Wherever the listing holds a picture, leave it out, and copy the remainder exactly.

▶ _Data shown_
* * * * * * * * *

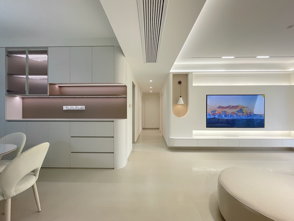 瀏覽量:1099空間整體奶白色調(diào)裝飾,耶為空間帶來了充沛的光線,設(shè)計(jì)師整體結(jié)構(gòu)上不設(shè)明顯的界定,在裝修次材料、色彩搭配上逐步描述空間的構(gòu)成關(guān)系。
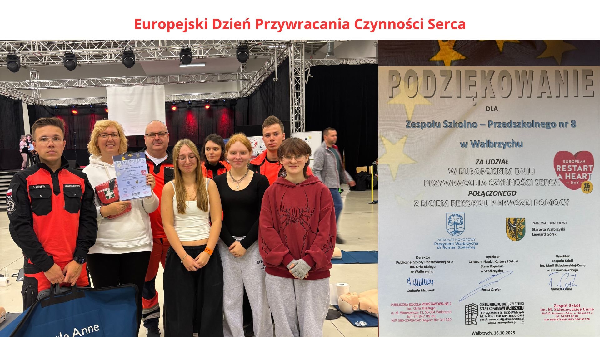 dumą informujemy, że klasa 8c wraz z wychowawcą wzięła udział w wydarzeniu zorganizowanym w ramach obchodów Europejskiego Dnia Przywracania Czynności Serca w Centrum Nauki, Kultury i Sztuki „Stara Kopalnia” w Wałbrzychu.
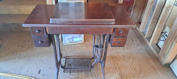 This 1940 Singer Treadle sewing machine is in its original 5-drawer cabinet!

* * * * * * * * *

▶ _Answer space_
 瀏覽量:1099空間整體奶白色調(diào)裝飾,耶為空間帶來了充沛的光線,設(shè)計(jì)師整體結(jié)構(gòu)上不設(shè)明顯的界定,在裝修次材料、色彩搭配上逐步描述空間的構(gòu)成關(guān)系。
 dumą informujemy, że klasa 8c wraz z wychowawcą wzięła udział w wydarzeniu zorganizowanym w ramach obchodów Europejskiego Dnia Przywracania Czynności Serca w Centrum Nauki, Kultury i Sztuki „Stara Kopalnia” w Wałbrzychu.
 This 1940 Singer Treadle sewing machine is in its original 5-drawer cabinet!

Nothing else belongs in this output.